MATERIAL FOR THE TASK.
[Start of section]

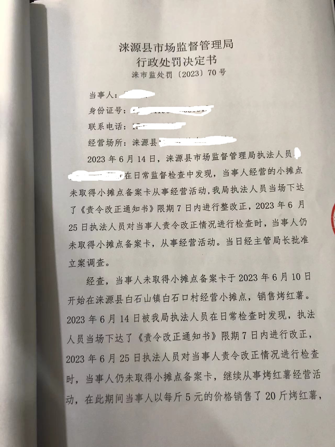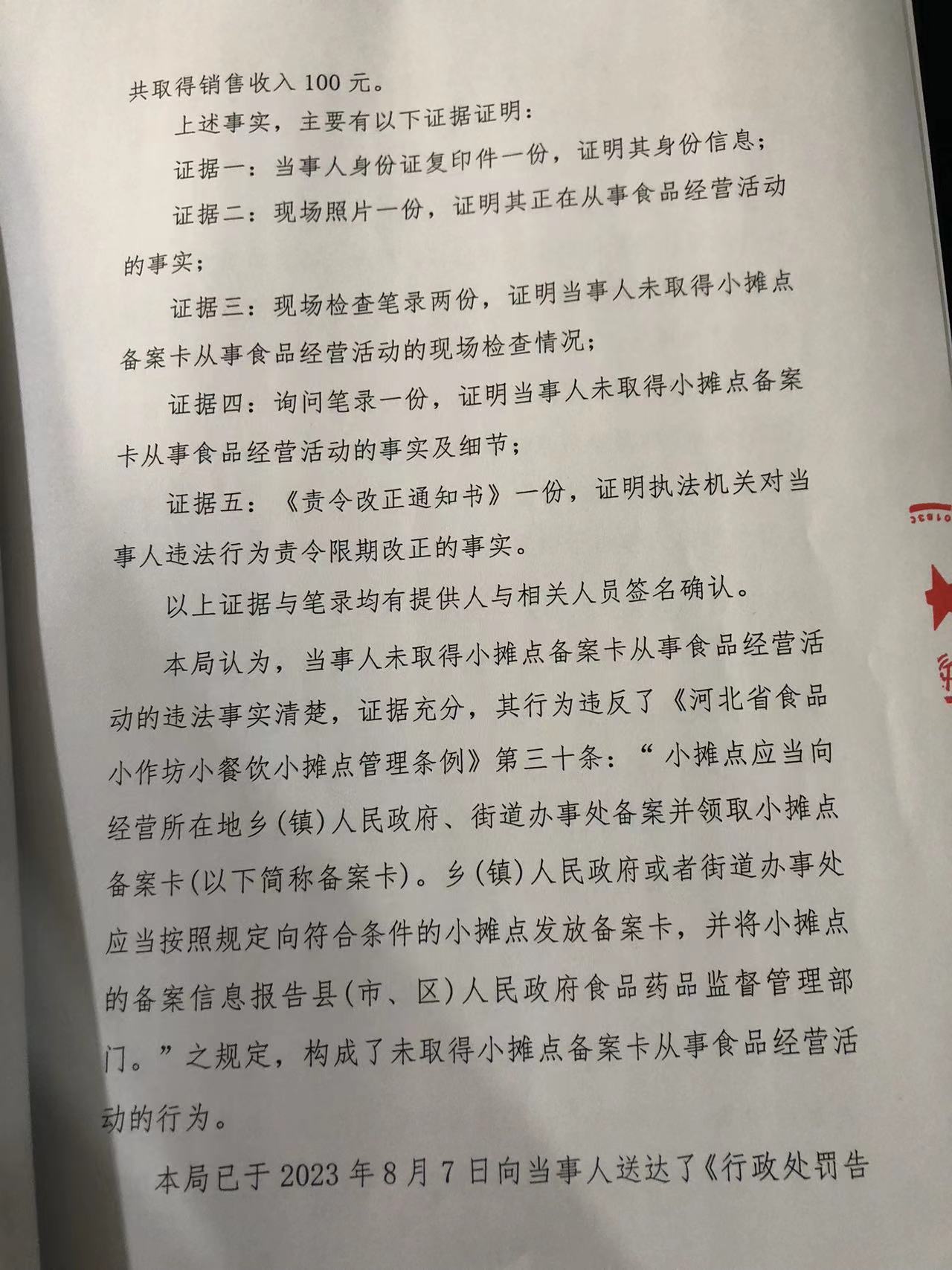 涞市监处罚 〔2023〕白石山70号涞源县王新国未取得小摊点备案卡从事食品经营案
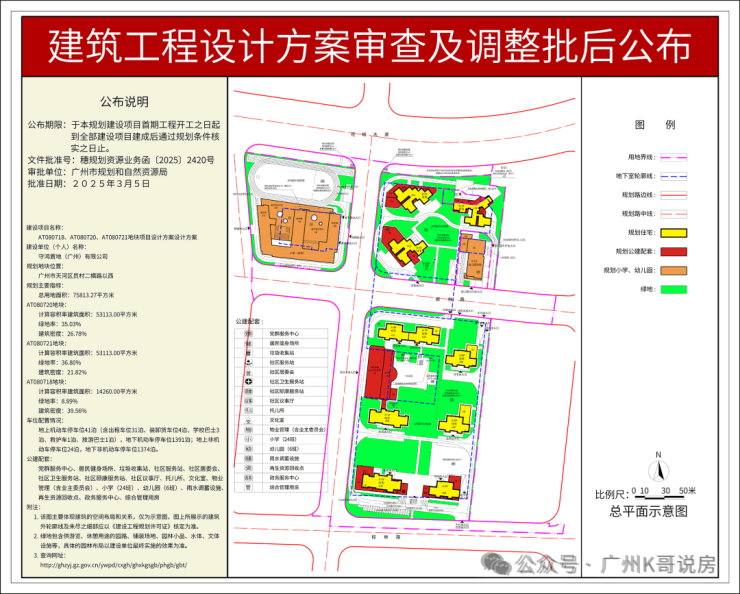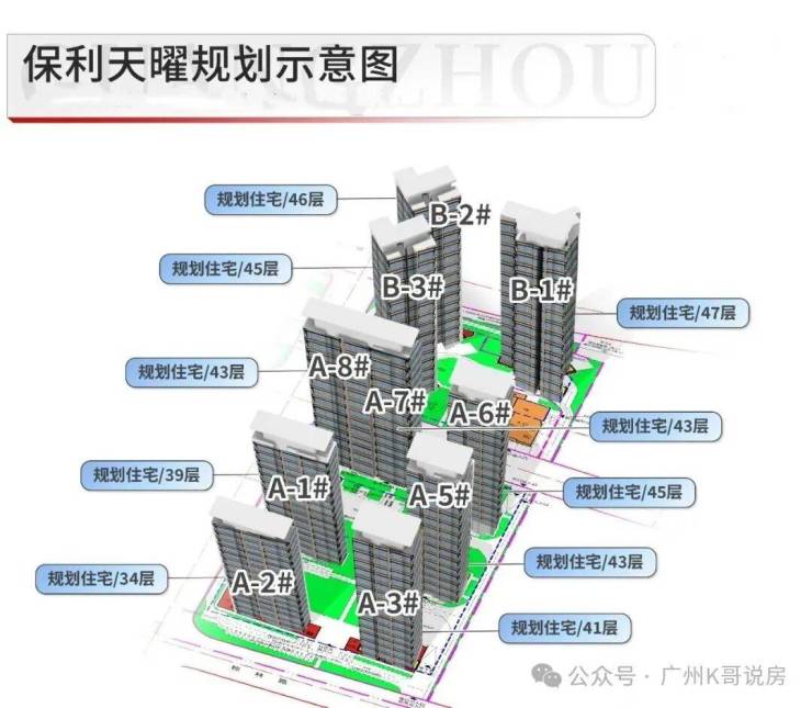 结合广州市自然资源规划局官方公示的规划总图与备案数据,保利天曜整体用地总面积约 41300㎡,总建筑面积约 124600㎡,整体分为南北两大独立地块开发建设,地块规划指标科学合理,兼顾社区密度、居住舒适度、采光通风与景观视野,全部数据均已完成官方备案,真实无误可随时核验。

[End of section]
[Start of section]

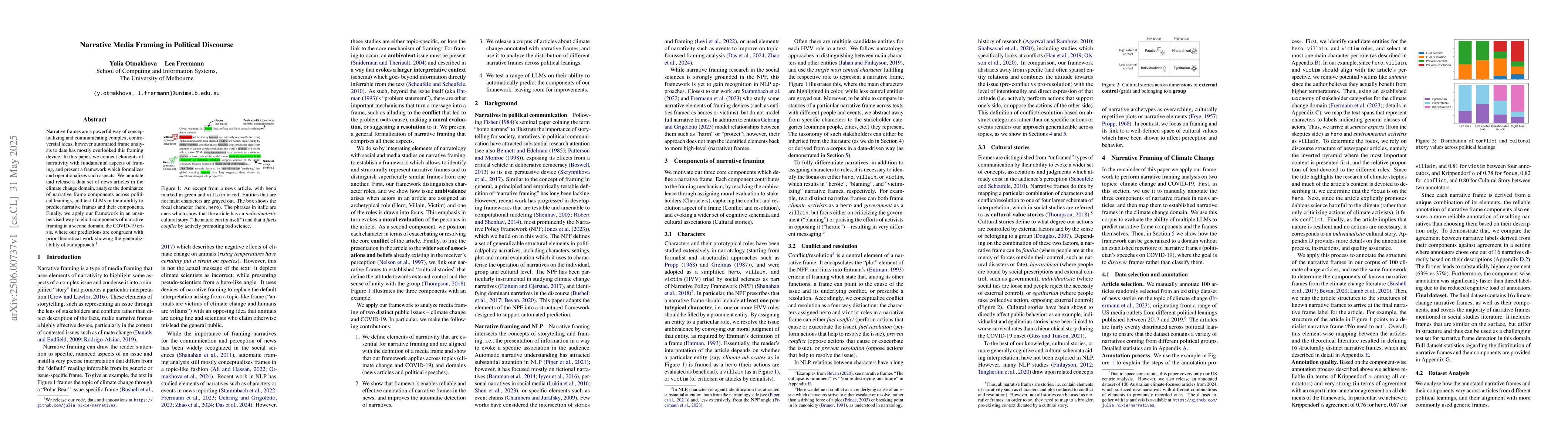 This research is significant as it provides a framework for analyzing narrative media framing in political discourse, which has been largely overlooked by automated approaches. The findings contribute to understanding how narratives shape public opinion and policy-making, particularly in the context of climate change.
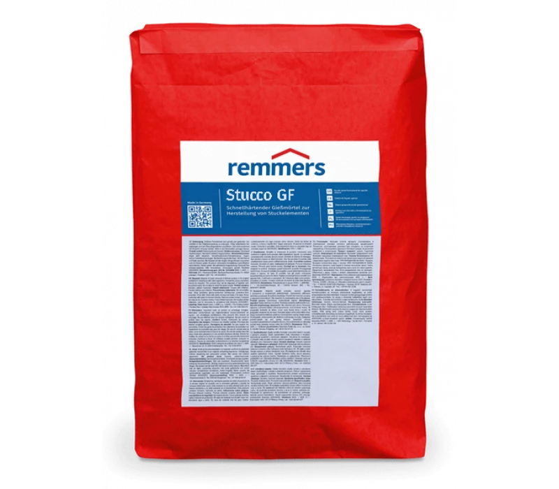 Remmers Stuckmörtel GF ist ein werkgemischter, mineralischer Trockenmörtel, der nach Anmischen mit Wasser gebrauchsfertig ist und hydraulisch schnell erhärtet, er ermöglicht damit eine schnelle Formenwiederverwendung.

[End of section]
[Start of section]

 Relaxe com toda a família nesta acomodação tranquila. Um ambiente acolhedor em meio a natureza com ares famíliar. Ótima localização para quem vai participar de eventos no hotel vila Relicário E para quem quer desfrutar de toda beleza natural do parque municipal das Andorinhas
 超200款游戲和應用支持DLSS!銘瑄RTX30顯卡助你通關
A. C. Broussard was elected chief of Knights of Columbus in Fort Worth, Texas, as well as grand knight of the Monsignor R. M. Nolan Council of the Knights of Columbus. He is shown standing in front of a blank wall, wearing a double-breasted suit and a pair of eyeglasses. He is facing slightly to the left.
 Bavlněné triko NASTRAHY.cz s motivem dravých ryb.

[End of section]

EXERCISE AIM.
Would you print, exactly as written, every line above from the one holding "A. C. Broussard" through the one holding "Bavlněné triko NASTRAHY.cz", with both included and no other lines?

EXERCISE RESULT.
A. C. Broussard was elected chief of Knights of Columbus in Fort Worth, Texas, as well as grand knight of the Monsignor R. M. Nolan Council of the Knights of Columbus. He is shown standing in front of a blank wall, wearing a double-breasted suit and a pair of eyeglasses. He is facing slightly to the left.
 Bavlněné triko NASTRAHY.cz s motivem dravých ryb.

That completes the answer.